Rosario v. City of Lansing

268 N.W.2d 230, 403 Mich. 124, 1978 Mich. LEXIS 331
CourtMichigan Supreme Court
DecidedJuly 24, 1978
Docket58025, (Calendar No. 14)
StatusPublished
Cited by125 cases

This text of 268 N.W.2d 230 (Rosario v. City of Lansing) is published on Counsel Stack Legal Research, covering Michigan Supreme Court primary law. Counsel Stack provides free access to over 12 million legal documents including statutes, case law, regulations, and constitutions.

Bluebook
Rosario v. City of Lansing, 268 N.W.2d 230, 403 Mich. 124, 1978 Mich. LEXIS 331 (Mich. 1978).

Opinions

Fitzgerald, J.

DeAndrea Rosario, age 19 months, was found drowned in an open sewer drain in the Bethlehem Evangelical Lutheran Church parking lot on May 11, 1973. Plaintiff filed a circuit court suit against both the church and the City of Lansing, alleging what he has denominated "negligence”.1 Plaintiff later amended his [130]*130complaint, alleging a count he has referred to on appeal as "attractive nuisance”.2

The trial court granted the City of Lansing’s motion for summary judgment grounded on governmental immunity. The Court of Appeals affirmed, Rosario v Lansing; 66 Mich App 597; 239 NW2d 428 (1976). We granted leave to appeal, 399 Mich 835 (1977). Because the case comes to us on summary judgment, we accept plaintiff’s factual allegations as true.

I — Nuisance

We first note that because the alleged cause of action arose after August 1, 1970, the date upon which 1970 PA 155 cured the constitutional defect in 1964 PA 170 (MCLA 691.1407; MSA 3.996[107]), we must consider the application of the governmental immunity statute3 to this case. Thomas v Department of State Highways, 398 Mich 1; 247 NW2d 530 (1976).

We noted in Thomas that the Legislature has [131]*131enacted several exceptions to immunity. In addition to the legislatively created exceptions, there exists a significant judicially created exception to governmental immunity from tort liability — the nuisance exception.4 The nuisance exception arises solely from the case law. The statute is silent on the question of the relationship between governmental immunity and nuisance. Thus, we turn to our case law to determine the nature of the nuisance exception to governmental immunity. "[T]he evolution of case-law precedent is exclusively committed to the judicial branch of government.” Thomas, p 17, fn 4 (Kavanagh — Fitzgerald dissenting opinion).

The instant case presents two questions: Did plaintiff plead a nuisance claim? If so, is governmental immunity a defense to that claim?

The questions are not easily answered. As Dean Prosser explained:

"There is perhaps no more impenetrable jungle in the entire law than that which surrounds the word 'nuisance.’ It has meant all things to all men, and has been applied indiscriminately to everything from an alarming advertisement to a cockroach baked in a pie. There is general agreement that it is incapable of any exact or comprehensive definition.” Prosser, Torts (4th ed), § 86, p 571.

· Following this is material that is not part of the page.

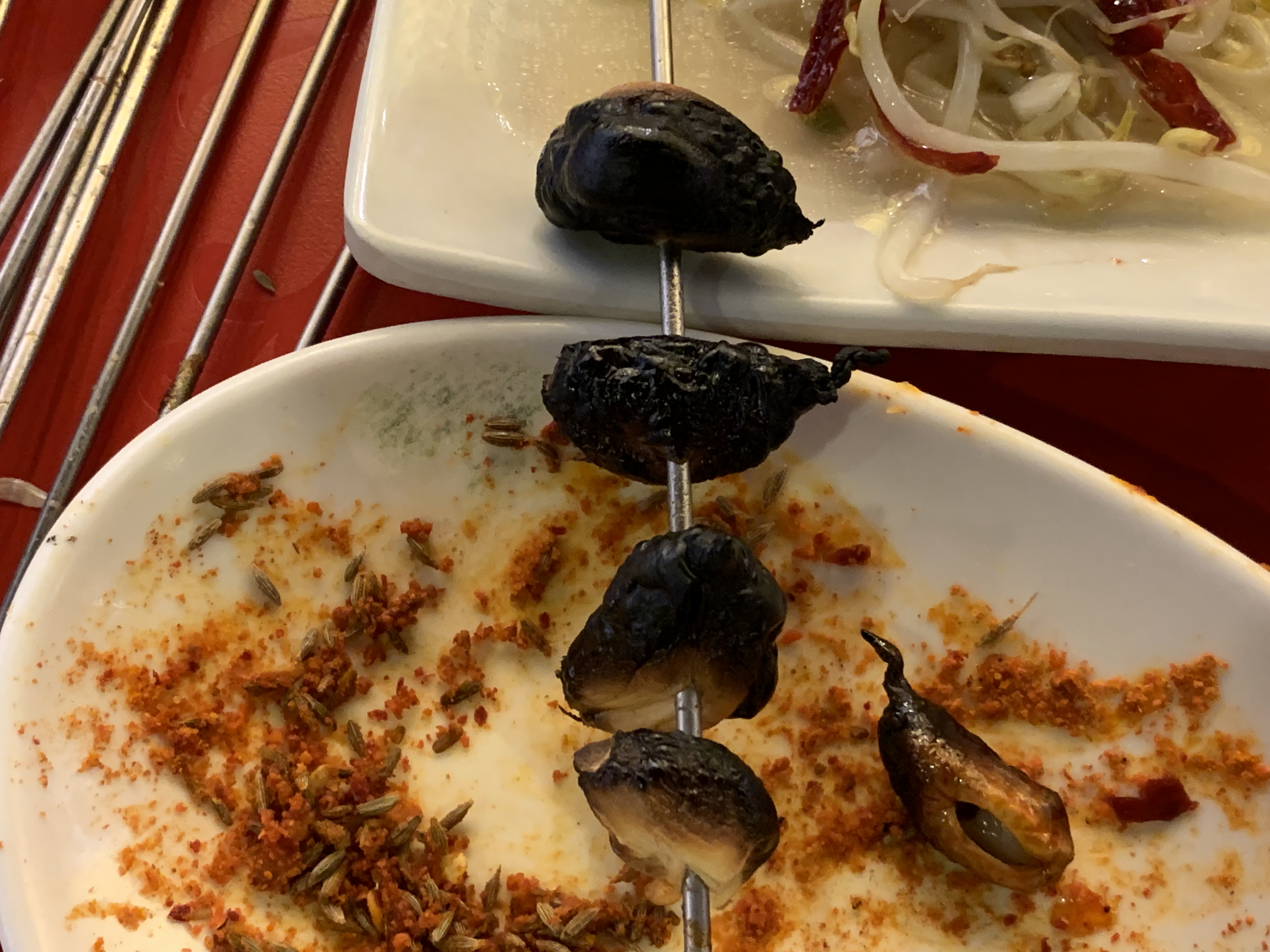 우리는 강추세트를 먹으면서 요리 하나를 고르기로 했는데, 양꼬치 하나 뜯자마자 시켰따. 마라향궈를~!

Judge, now Justice, Levin, dissenting in Maki v East Tawas, 18 Mich App 109, 134; 170 NW2d 530 (1969), heeded Dean Prosser’s warning, and declined to take an excursion into that jungle.5 The [132]*132instant case requires that we embark on that excursion.

First, has plaintiff pled a nuisance claim? Under our case law liability for nuisance is predicated on the existence of a dangerous condition.6

"Primarily, nuisance is a condition. Liability is not predicated on tortious conduct through action or inaction on the part of those responsible for the condition. Nuisance may result from want of due care (like a hole in a highway), but may still exist as a dangerous, offensive, or hazardous condition even with the best of care.” Buckeye Union Fire Ins Co v Michigan, 383 Mich 630, 636; 178 NW2d 476 (1970).

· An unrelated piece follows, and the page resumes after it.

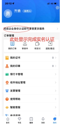 3. 如果之前在其他平台有使用过标证通APP,下面手机端就不用操作了,如果未在其他平台使用过标证通APP,点击个人中心实名认证选择支付宝认证即可,暂时结束

See, also, Munson v Menominee County, 371 Mich 504; 124 NW2d 246 (1963); Bluemer v Saginaw Central Oil & Gas Service, Inc, 356 Mich 399; 97 NW2d 90 (1959); and Maki v East Tawas, 385 Mich 151; 188 NW2d 593 (1971). An improperly designed or maintained manhole cover may constitute a nuisance. Dahl v Glover, 344 Mich 639; 75 NW2d 11 (1956).

In Bluemer v Saginaw Central Oil & Gas Service, supra, we explained one classification of nuisances, citing with approval 66 CJS, Nuisances, § 3, pp 733-734:

" 'From the point of view of their nature, nuisances are sometimes classified as nuisances per se or at law, and nuisances per accidens or in fact. A nuisance at law [133]*133or a nuisance per se is an act, occupation, or structure which is a nuisance at all times and under any circumstances, regardless of location or surroundings. Nuisances in fact or per accidens are those which become nuisances by reason of circumstances and surroundings, and an act may be found to be a nuisance as a matter of fact where the natural tendency of the act is to create danger and inflict injury on person or property. The number of nuisances per se is necessarily limited, and by far the greater number of nuisances are nuisances per accidens. For this reason whether or not a particular thing or act is a nuisance is generally a question of fact ***.’” 356 Mich 411.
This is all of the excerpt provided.